Many specialists in international relations tend to consider force or the threat of force as the most effective way to provide security, because they believe it is ultimately the most effective way of influencing behavior. But economists and businesspeople influence behavior primarily through incentives. Assuming that people are rationally pursuing their self-interest, they will voluntarily modify their behavior when incentives change. People do not need to be threatened or coerced. The key to influencing behavior lies in creating the conditions in which the behavior that is desired is the same behavior that those involved would voluntarily choose in pursuit of their own goals.

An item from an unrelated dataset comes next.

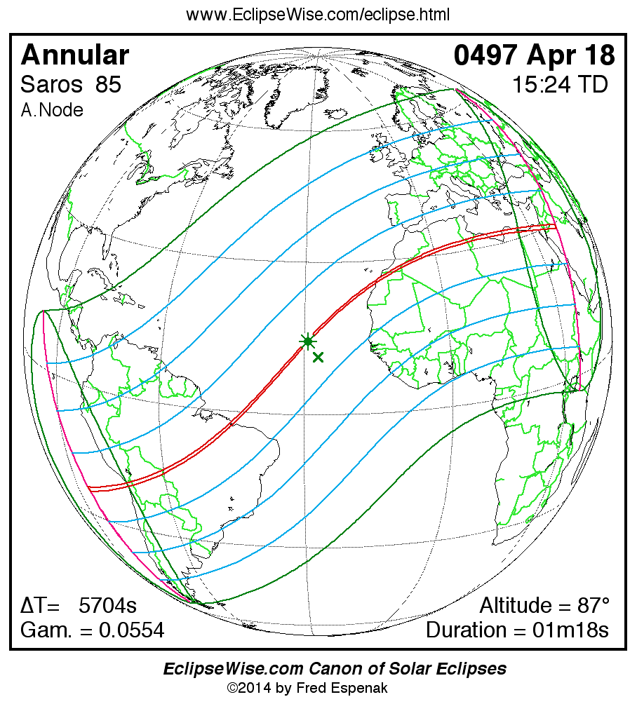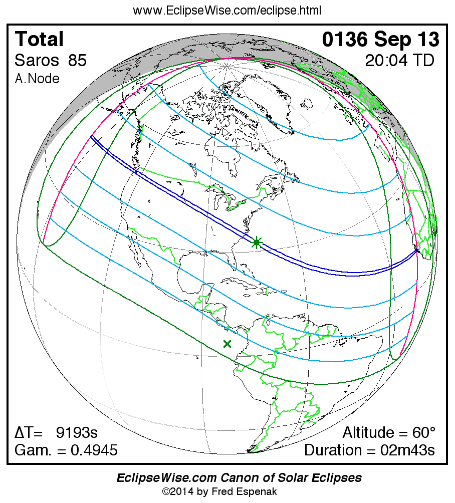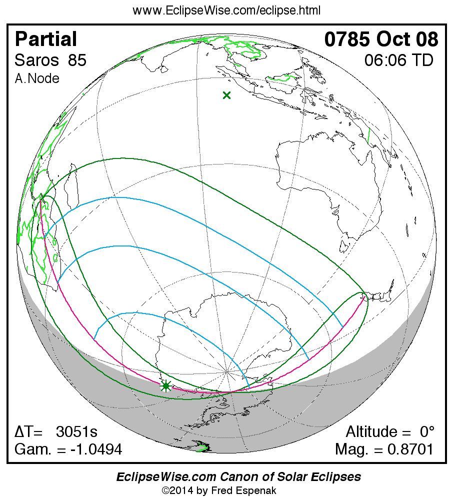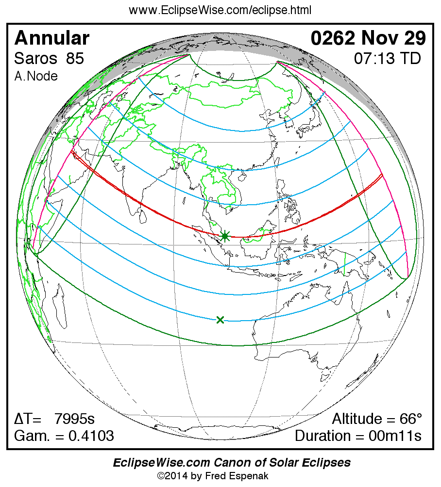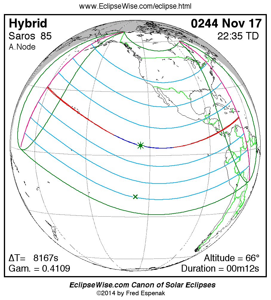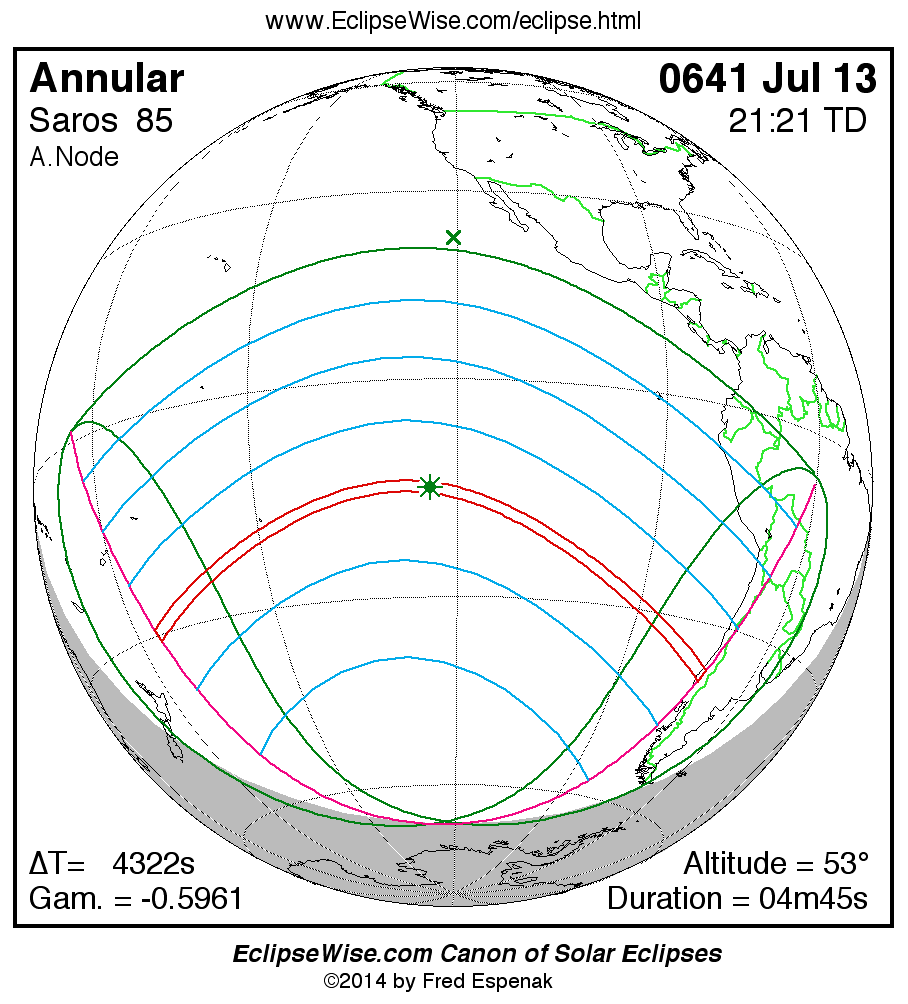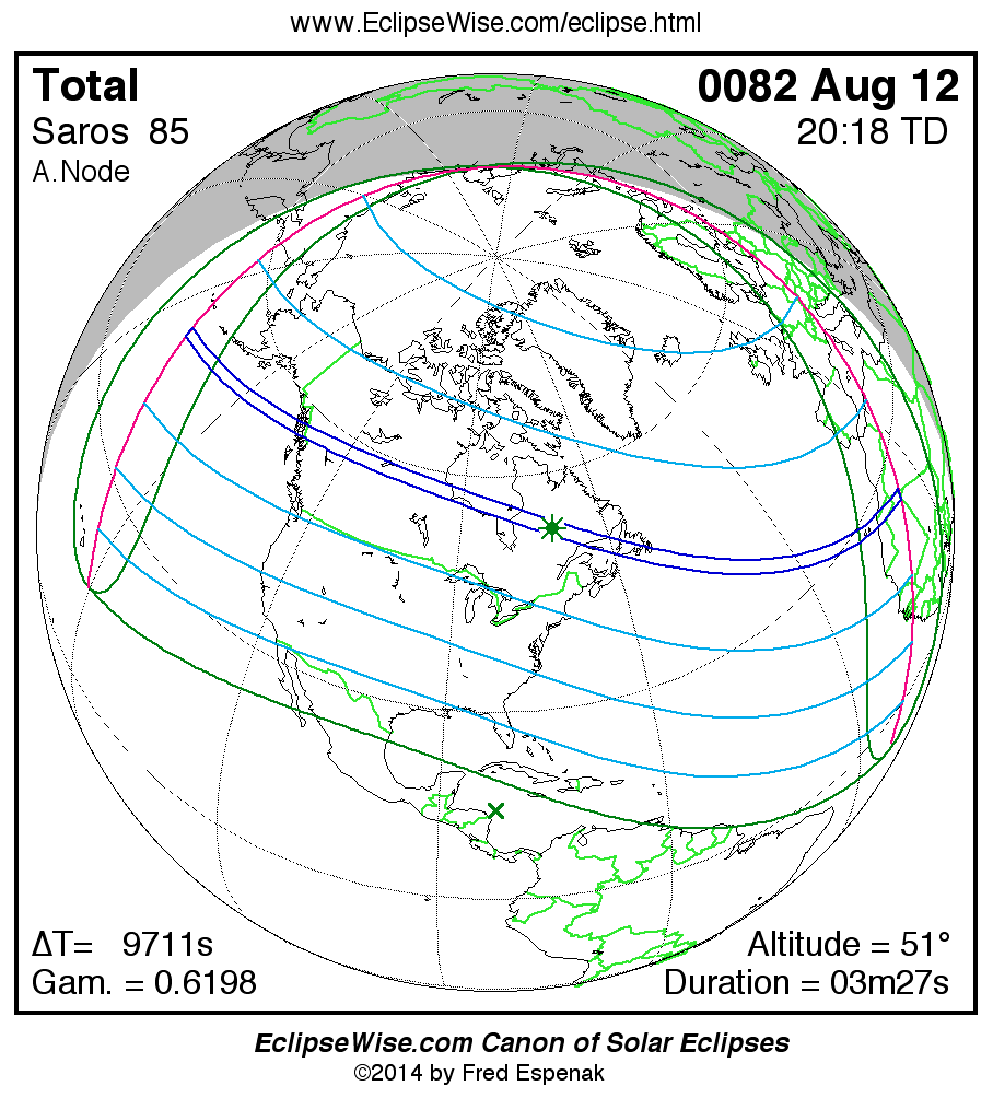 A panorama of all solar eclipses belonging to Saros 85 is presented here. Each map depicts the geographic region of visibility for a single eclipse. For central eclipses, the total or annular path is plotted in either blue (total) or red (annular). The date and time is given for the instant of Greatest Eclipse. Every map serves as a hyperlink to the EclipseWise Prime page for that eclipse where a larger map and complete details for the eclipse can be found. Visit the Key to Solar Eclipse Maps for a detailed explanation of these maps. Near the bottom of the page are a series of hyperlinks for more on solar eclipses.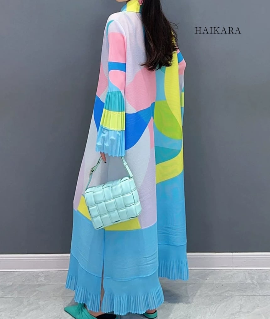 袖口と裾に施された細やかなプリーツデザインが、歩くたびに軽やかな動きとエレガントなニュアンスをプラス。

This basic approach can be applied to influencing the behavior of nations in the international arena. The challenge is to define a set of conditions that will generate strong positive incentives for nations to keep the peace, and then to work out policies and institutions capable of creating those conditions. That task is at the core of my latest book,The Peacekeeping Economy (Yale University Press, 2011). It should make possible a shift away from relying mainly on the threat or use of military force toward much less expensive and far more effective means of achieving peace and security through economic relationships.
If economic relationships are to contribute to international peace, they must be built on a few basic principles. The first and by far the most important of these is the principle of balance.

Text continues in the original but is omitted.